Halfway around the 2-mile loop, we were in divide and conquer mode. The cold wind in my ears failed to drown out demands for snacks, complaints of kicking, and WHYWHYWHY’s. My shoulders ached from pushing the 70 pounds of double beast stroller over gravel. I wondered WHYWHYWHY we thought this was a good idea. Kevin and Penny were stopped ahead, off the path (I saw passersby frown). I jogged toward my handsome husband, recently clean-shaven after his winter break beard. Fresh air and love lifted me a little. My pretty Penny, my first baby with flopped ears, wagged her curled up tail.

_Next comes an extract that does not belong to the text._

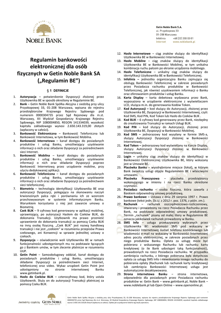 Regulamin bankowości elektronicznej dla osób fizycznych w Getin Noble Bank SA („Regulamin BE”) § 1 DEFINICJE 1. Autoryzacja – potwierdzenie Dyspozycji złożonej przez Użytkownika BE w sposób określony w Regulaminie BE. 2. Bank – Getin Noble Bank Spółka Akcyjna z siedzibą przy ulicy Przyokopowej 33, 01-208 Warszawa, wpisana do rejestru przedsiębiorców Krajowego Rejestru Sądowego pod numerem 0000304735 przez Sąd Rejonowy dla m.st. Warszawy, XII Wydział Gospodarczy Krajowego Rejestru Sądowego, NIP 1080004850, REGON 141334039, wysokość kapitału zakładowego wynosi 2.650.143.319,00 złotych (wpłacony w całości). 3. Bankowość Elektroniczna – Bankowość Telefoniczna lub Bankowość Internetowa, w tym Bankowość Mobilna. 4. Bankowość Internetowa – kanał dostępu do posiadanych produktów i usług Banku, umożliwiający uzyskiwanie informacji o nich oraz składanie Dyspozycji za pośrednictwem sieci Internet. 5. Bankowość Mobilna – kanał dostępu do posiadanych produktów i usług Banku, umożliwiający uzyskiwanie informacji o nich oraz składanie Dyspozycji poprzez Bankowość Internetową przez urządzenie mobilne, przy użyciu dedykowanej aplikacji. 6. Bankowość Telefoniczna – kanał dostępu do posiadanych produktów i usług Banku, umożliwiający uzyskiwanie informacji o nich oraz składanie Dyspozycji za pośrednictwem sieci telefonicznej. 7. Biometria – technologia identyfikacji Użytkownika BE oraz autoryzacji Dyspozycji, polegająca na skanowaniu naczyń krwionośnych palca ręki i porównaniu ich ze wzorcem przechowywanym w systemie informatycznym Banku. Warunkiem korzystania z niej jest zawarcie umowy o Biometrię. 8. Czek BLIK – 9 cyfrowy kod generowany w aplikacji mobilnej, uprawniający, po autoryzacji Hasłem do Czeków BLIK, do dokonania Transakcji. Użytkownik ma prawo przenieść uprawnienie do dokonania transakcji za pomocą Czeku BLIK na inną osobę fizyczną. „Czek BLIK” jest nazwą handlową transakcji i nie jest „czekiem” w rozumieniu przepisów Prawa czekowego, ani Konwencji w sprawie jednolitej ustawy o czekach. 9. Dyspozycja – oświadczenie woli Użytkownika BE w ramach funkcjonalności udostępnionych mu na podstawie łączących go z Bankiem umów, w tym zlecenie płatnicze w rozumieniu UUP. 10. Getin Point – Samoobsługowy oddział, kanał dostępu do posiadanych produktów i usług Banku, umożliwiający składanie Dyspozycji za pośrednictwem sieci Internet, telefonicznej oraz video. Wykaz urządzeń Getin Point jest udostępniony na stronie internetowej Banku www.getinbank.pl. 11. Hasło do Czeków BLIK – czterocyfrowy kod, który ustala Użytkownik. Służy on do autoryzacji Transakcji płatniczej za pomocą Czeku BLIK. 12. Hasło Internetowe – ciąg znaków służący do identyfikacji Użytkownika BE w Bankowości Internetowej. 13. Hasło Mobilne – ciąg znaków służący do identyfikacji Użytkownika BE w Bankowości Mobilnej, w tym unikalna kombinacja ruchu palcem po ekranie urządzenia mobilnego. 14. Hasło Telefoniczne – unikalny ciąg znaków służący do identyfikacji Użytkownika BE w Bankowości Telefonicznej. 15. Infolinia – jednostka organizacyjna Banku zajmująca się obsługą Bankowości Telefonicznej w zakresie posiadanych przez Posiadacza rachunku produktów w Bankowości Telefonicznej, jak również uzyskiwaniem informacji o Banku oraz oferowaniem produktów i usług Banku. 16. Karta Display – karta debetowa wydawana przez Bank, wyposażona w urządzenie elektroniczne z wyświetlaczem LCD, służąca m.in. do generowania Kodów Token. 17. Kod Autoryzacji – kod służący do Autoryzacji, złożonej przez Użytkownika BE, Dyspozycji w Bankowości Internetowej, czyli: Kod SMS, Kod PIN, Kod Token lub Hasło do Czeków BLIK . 18. Kod BLIK – 6 cyfrowy kod generowany przez Bank, niezbędny do zrealizowania Transakcji w ramach Usługi BLIK. 19. Kod PIN – kod służący do Autoryzacji, złożonej przez Użytkownika BE, Dyspozycji w Bankowości Mobilnej. 20. Kod SMS – jednorazowy kod wysyłany w formie SMS-a, służący Autoryzacji Dyspozycji złożonej w Bankowości Internetowej. 21. Kod Token – jednorazowy kod wyświetlany na Karcie Display, służący Autoryzacji Dyspozycji złożonej w Bankowości Internetowej. 22. Login – unikalny ciąg znaków służący do identyfikacji w Bankowości Elektronicznej Użytkownika BE, który wskazany jest w Umowie BE. 23. Placówka Banku – wyodrębnione miejsce (lokal), w którym Bank świadczy usługi objęte Regulaminem BE i właściwymi umowami. 24. Placówka Franczyzowa ‒ placówka przedsiębiorcy wykonującego w imieniu i na rzecz Banku określone czynności. 25. Posiadacz rachunku – osoba fizyczna, która zawarła z Bankiem odpowiednią umowę produktową. 26. Prawo bankowe – Ustawa z dnia 29 sierpnia 1997 r. Prawo bankowe (tekst jedn. Dz.U. z 2012 r. poz. 1376, z późn. zm.). 27. Rachunek ‒ rachunek oszczędnościowo-rozliczeniowy, otwierany i prowadzony na rzecz Posiadacza Rachunku przez Bank, na podstawie odpowiedniej umowy produktowej. Termin „rachunek” pisany od małej litery w Regulaminie BE oznacza jakikolwiek rachunek prowadzony w Banku. 28. SMS Info – usługa przekazywania wybranych przez Użytkownika BE: wiadomości SMS pod wskazany w Bankowości Internetowej numer telefonu komórkowego lub wiadomości e-mail na wskazany w Bankowości Internetowej adres poczty elektronicznej, w zakresie posiadanych przez niego produktów Banku. Opłata za usługę może być pobierana z wskazanego Rachunku lub rachunku karty kredytowej (o ile Bank udostępni taką funkcjonalność), prowadzonych na rzecz Posiadacza rachunku. W przypadku zamknięcia rachunku, z którego pobierana była dotychczas opłata za usługę SMS Info i niewskazania innego rachunku do pobierania opłaty (Rachunek lub rachunek karty kredytowej) lub zamknięcia Bankowości Internetowej usługa jest automatycznie dezaktywowana. 29. Strona in

Kev waved and assessed the scene, glanced at approaching dogs and clutched the leash tighter. He was waiting to check in, see if I wanted to switch off, or relieve me of a whiny kid.The way he oversees our family is his own brand of romance; he is the glue that holds us together.

Flashing back to those pre-kid days, I imagined K and P had sprinted ahead as I caught up for a second lap. I pictured the leisurely lunch we might have after. Maybe we would go downtown for a beer. Or lounge on the living room floor; I would devour a novel for fun and he would strum the guitar. We would make a little dinner, watch non-Disney-channel TV. We would sleep ALL NIGHT. A wistful pang stopped me.

Then I heard pure joy:

“LOOK THERE’S DADDY AND PENNY!”

“DA-DDY! BE-BBY!”

I pulled back the stroller canopies to see their faces: Addie’s spunky smile and wild eyes, watery from the wind. Owen’s toothy grin and shaggy hair. I looked again at my main squeeze. I saw his heart shine through his whole face. Those old days are gone, but they got us to this perfectly imperfect one.